12

I want to create imputation strategy using mice function from mice package. The problem is I can't seems to find any predict methods (or it's cousins) for new data in this package.

I want to do something like this:

require(mice)
data(boys)

train_boys <- boys[1:400,]
test_boys <- boys[401:nrow(boys),]

mice_object <- mice(train_boys)
train_complete_boys <- complete(train_boys)

# Here comes a hypothetical method
test_complete_boys <- predict(mice_object, test_boys)

I would like to find some approach that would emulate the code above. Now, it's totally possible to do separate mice operations on train and test datasets separately, but it seems like from logical point of view that would be incorrect - all the information you have is in the train dataset. Observations from test dataset shouldn't provide information for each other. That's especially true when dealing with data when observations can be ordered by time of appearance.

One possible approach is to add rows from test dataset to train dataset iteratively, running imputation every time. However this seems very inelegant.

So here is the question:

Is there a method for the mice package that would be similar to the general predict method? If not, what are the possible workarounds?

Thank you!

slamballais
  • 2,599
  • 1
  • 14
  • 28
Loiisso
  • 151
  • 6

1 Answers1

2

I think it could be logically incorrect to "predict" missing values with another imputed dataset, since MICE algorithm is building models iteratively to estimate the missing values by the observed values in your given dataset.

In other words, when you do mice_object <- mice(train_boys), the algorithm estimates and imputes the NAs by the relationships between variables in train_boys.
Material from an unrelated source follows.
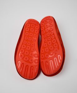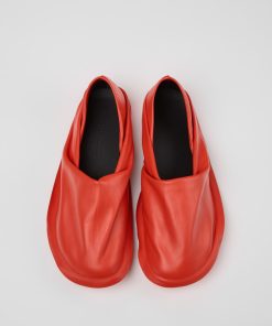 Zapato para hombre en piel vacuna roja con plantillas de PU y suelas de TPU (20% recicladas).Peu Form marca el comienzo de la colaboración entre Camper e Issey Miyake, dos marcas que celebran la creatividad y la funcionalidad, promoviendo los valores de la artesanía en la vida cotidiana.
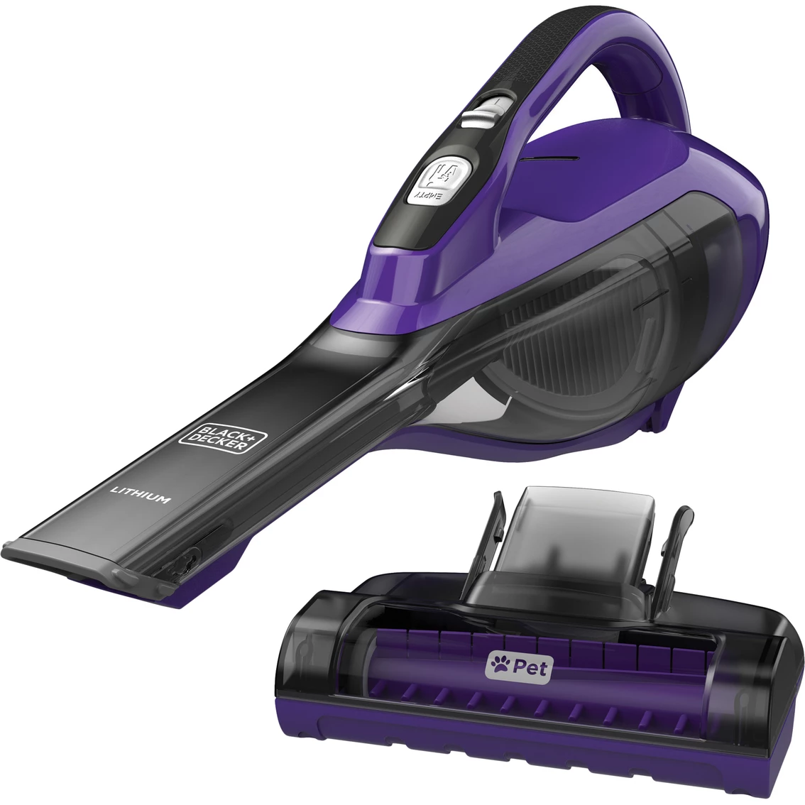 From the #1 Brand in hand vacuums, this Dustbuster Hand Pet Vacuum from Black + Decker comes with a motorized pet head that helps you pick up pet hair without it getting tangled in the brush. Lithium technology gives it powerful suction to help pick up even bigger messes like food and litter. Plus, its on-board crevice tool and push in brush give you a deeper level of clean. And, after cleaning, dump the dirt and hair without touching it with the no-mess, easy-empty dustbin. Model: HLVA325JP07.

However, such estimation cannot be applied to test_boy because the relationships between variables in test_boy may differ from those in train_boy. Also, the amount of observed information is different between these two datasets.

If you believe the relationships between variables are homogeneous across train_boys and test_boys, how about doing NA imputation before splitting the dataset? i.e.:

mice_object <- mice(boys)
complete_boys <- compete(mice_object)
train_boys <- complete_boys[1:400,]
test_boys <- complete_boys[401:nrow(complete_boys),]

You can read Multiple imputation by chained equations: What is it and how does it work? if you need more information of MICE.

ytu
  • 1,512
  • 2
  • 12
  • 37